The authors had full access to the data and take full responsibility for their integrity. All authors have read and agree to the manuscript as written.
Baseline and Procedural Characteristics
Baseline characteristics were similar among patients randomized to medical treatment, angioplasty, or surgery within the diabetic and nondiabetic subgroups, except by a higher prevalence of previous myocardial infarction in nondiabetic subjects treated with angioplasty (compared with nondiabetic subjects in the other treatment groups) (Table 1). When pooled over treatment groups, diabetic subjects had lower prevalence of males, higher prevalence of hypertension, higher ejection fraction, and higher fasting serum glucose (Table 1). Triglycerides tended to be higher and low-density lipoprotein cholesterol tended to be lower in diabetic subjects compared with nondiabetic subjects (Table 1).
The rates of revascularization of the three coronary territories at the index procedure (right coronary artery, left circumflex, and left anterior descending) were significantly lower in patients treated with angioplasty than in surgical patients, both among diabetic subjects and among nondiabetic subjects (Table 1). Overall, stents were used in >80% of patients randomized to percutaneous intervention and left internal mammary artery (IMA) or right IMA grafts were used in 95% of surgical patients (Table 1).
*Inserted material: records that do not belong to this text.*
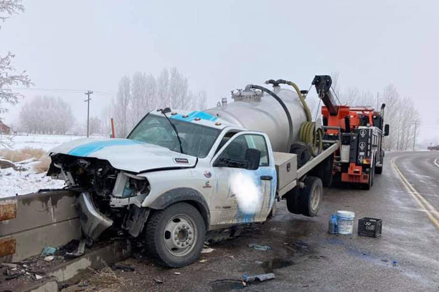 The crash occurred at 2121 West 145th North just south of the Osgood Store around 11 a.m., according to an Idaho Falls Fire Department news release. A truck hit the bridge embankment.
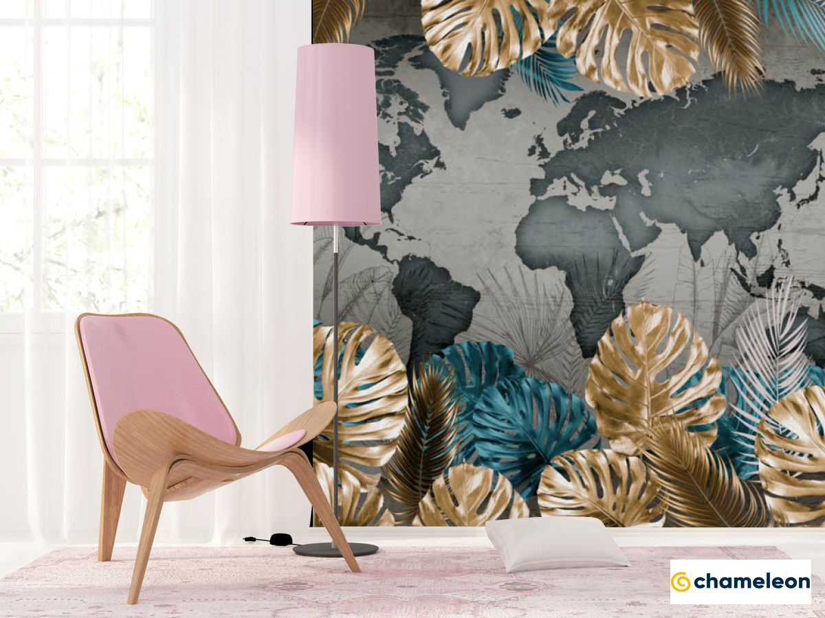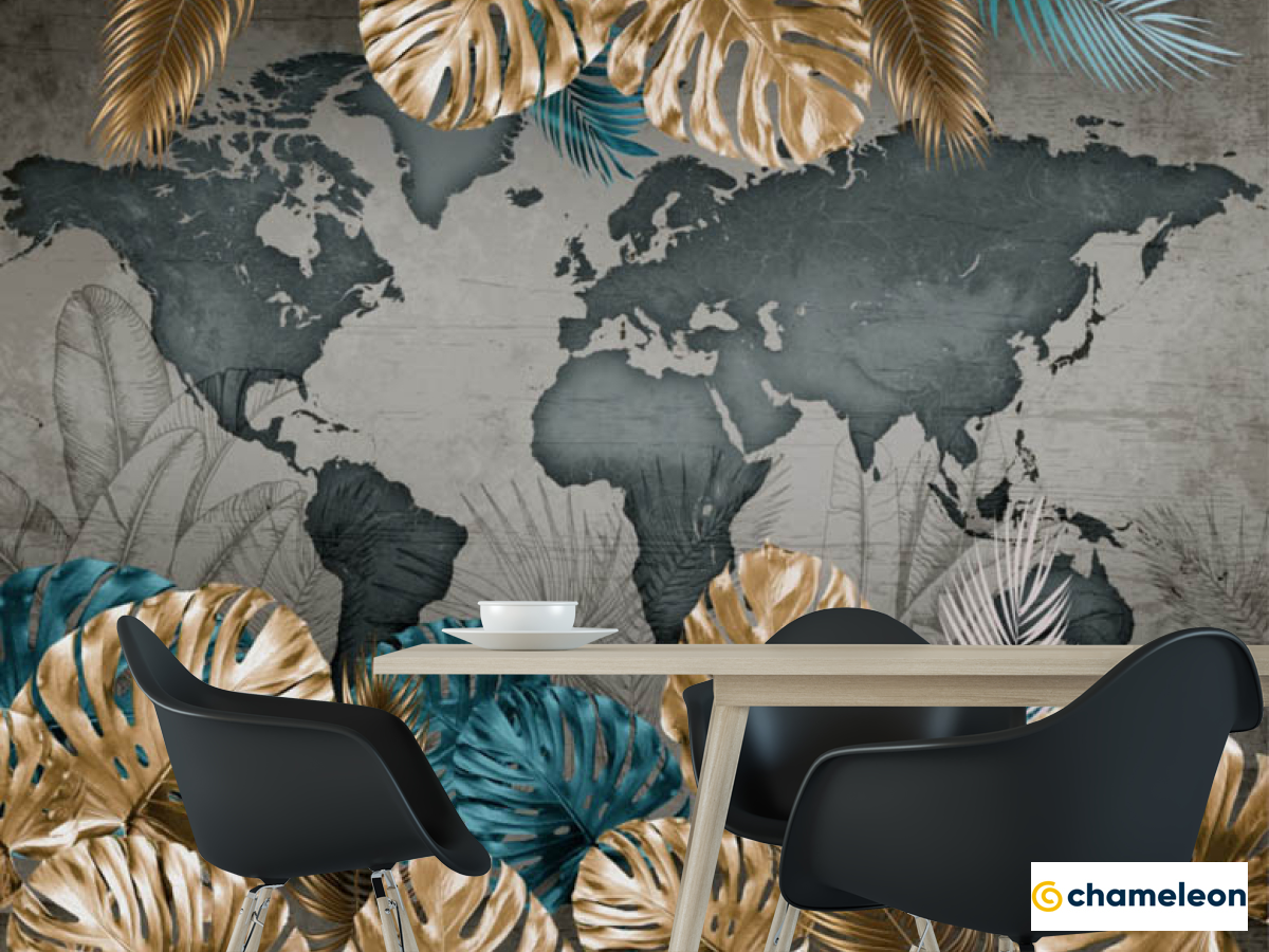 Фотошпалери «Фотошпалери листя з картою», (арт. 30972) - купити в інтернет-магазині «Будинок Фотошпалер» Хамелеон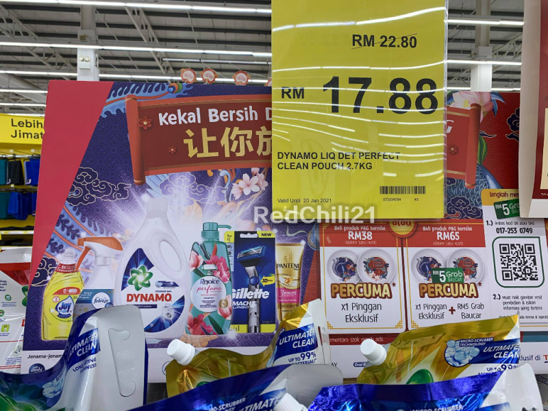 但除了便宜年货,民众们更喜欢的就是年货的免费赠品!比如这次P&G 推出的免费赠品活动,购满特定数额就能免费得到一个8寸大的吉祥喜庆餐盘和RM5 Grab 礼券!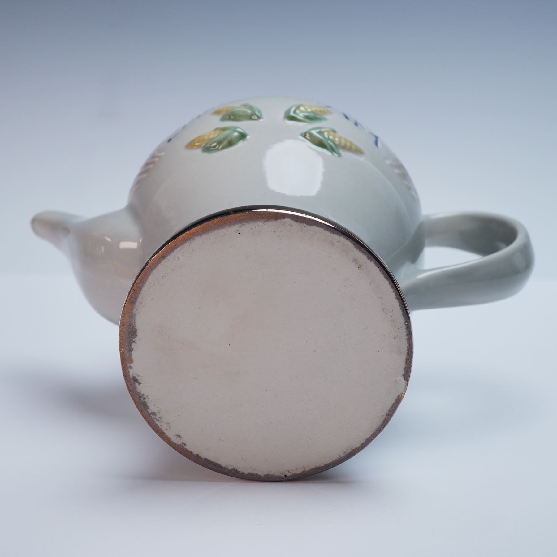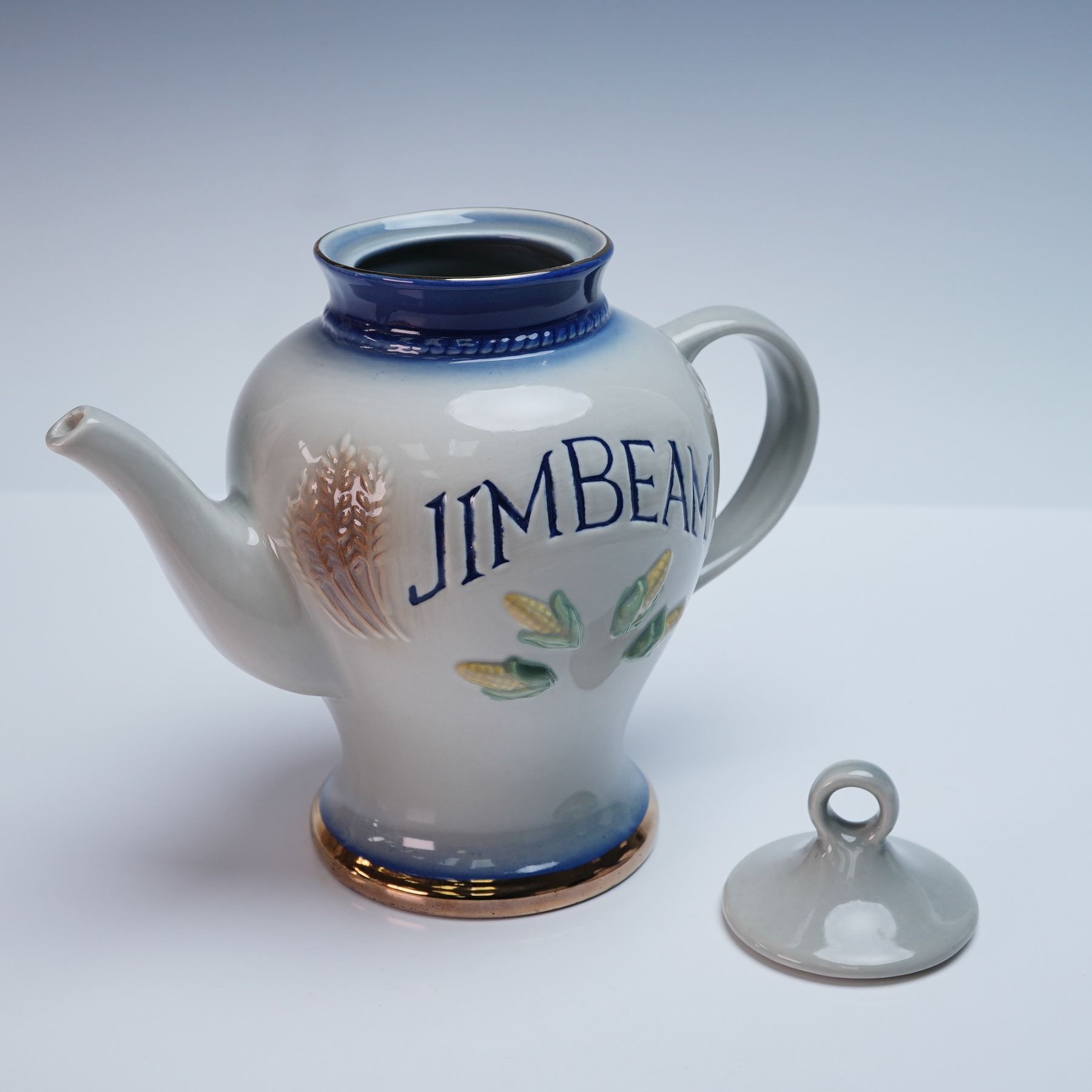 Vintage 1980 Jim Beam ceramic teapot decanter with lid, crafted by Regal China Corporation for the James B. Beam Distilling Co. Features raised "JIM BEAM" lettering, corn detailing, and metallic gold-tone accents. Great for collectors of breweriana, vintage barware, or quirky Americana.
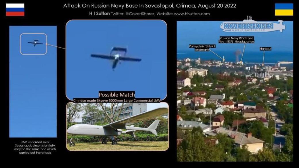 По штабу Черноморского флота РФ в оккупированном Севастополе ударили беспилотником «Mugin-5 Pro» с полезной нагрузкой ~15-20кг, способный летать без дозаправки около 7 часов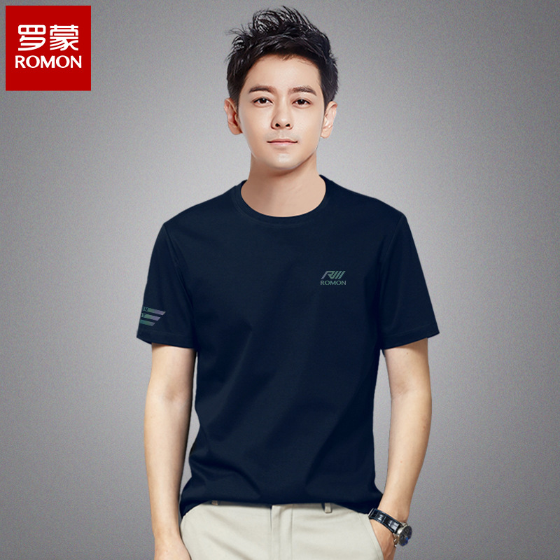 羅蒙ブランド丸首半袖tシャツ男性デザイン感小衆夏潮牌シンプル修身半袖男性服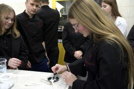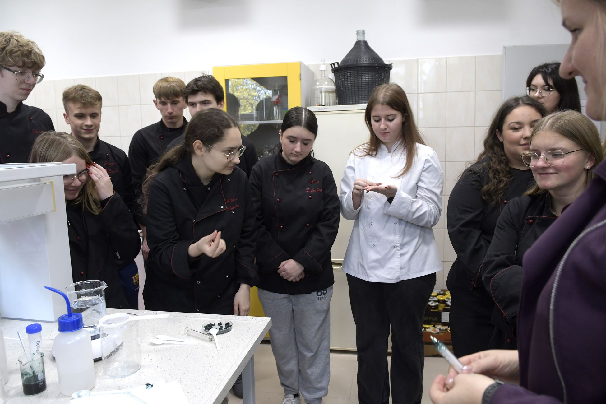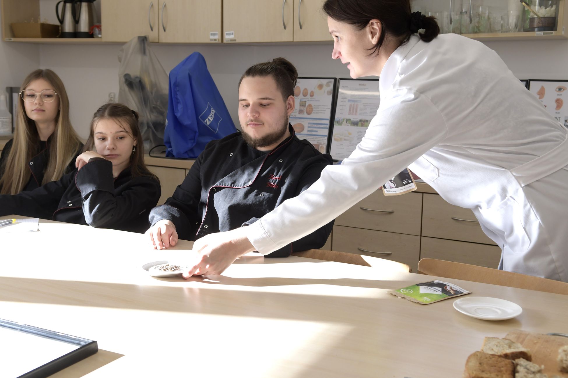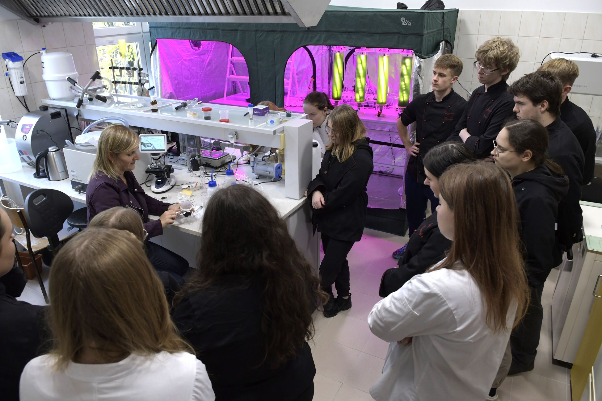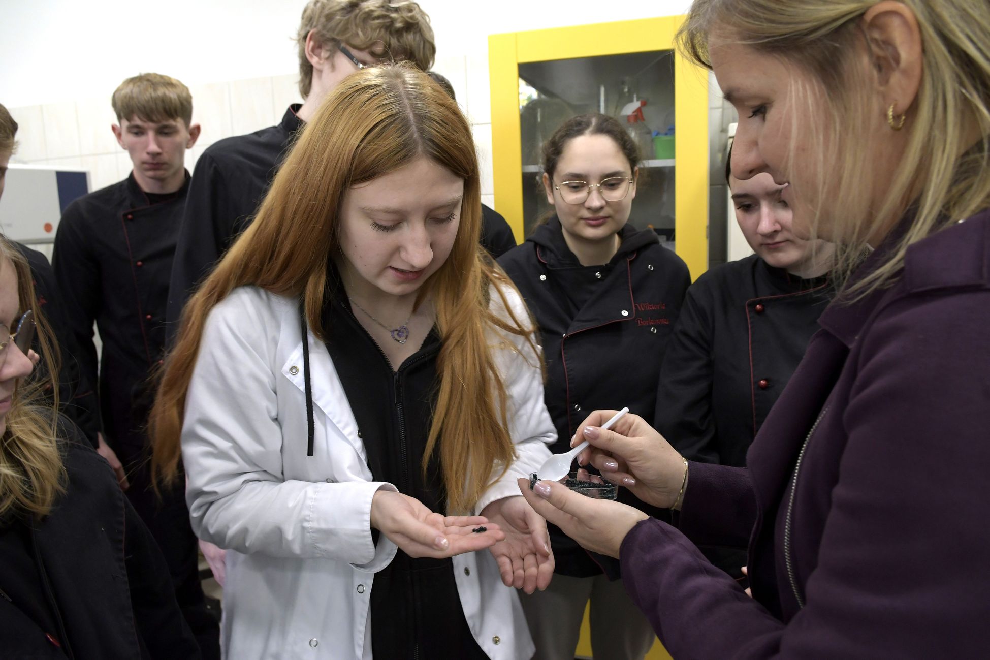 We wtorek 28 października 2025 roku uczniowie z Zespołu Szkół Agrotechnicznych w Słupsku uczestniczyli w wykładach i zajęciach praktycznych na Naszym Wydziale. Dr hab. inż. Zdzisław Domiszewski zaprezentował wykład dotyczący tłuszczy jadalnych „Masło czy margaryna”. Po wykładach uczniowie wraz z dr hab. inż. Małgorzatą Smugę-Kogut podziwiali świat mikroalg, a z dr inż. Sylwią Mierzejewską zapoznali się z technologią wypieku i oceną punktową pieczywa. Tajniki metod analizy żywności odkrywali z dr hab. inż. Joanna Piepiórka – Stepuk oraz mgr inż. Aldoną Bać.

Patients were followed-up for an average period of 1702±452 days (median, 1840 days). The Figure shows the 5-year mortality curves for patients randomized to medical treatment, angioplasty, or surgery in the diabetic (Figure, A) and in the nondiabetic (Figure, B) subpopulations. The cumulative 5-year mortality was not significantly different among treatment groups within diabetic subjects (P=0.25 by log-rank) and within nondiabetic subjects (P=0.63 by log rank) (Figure).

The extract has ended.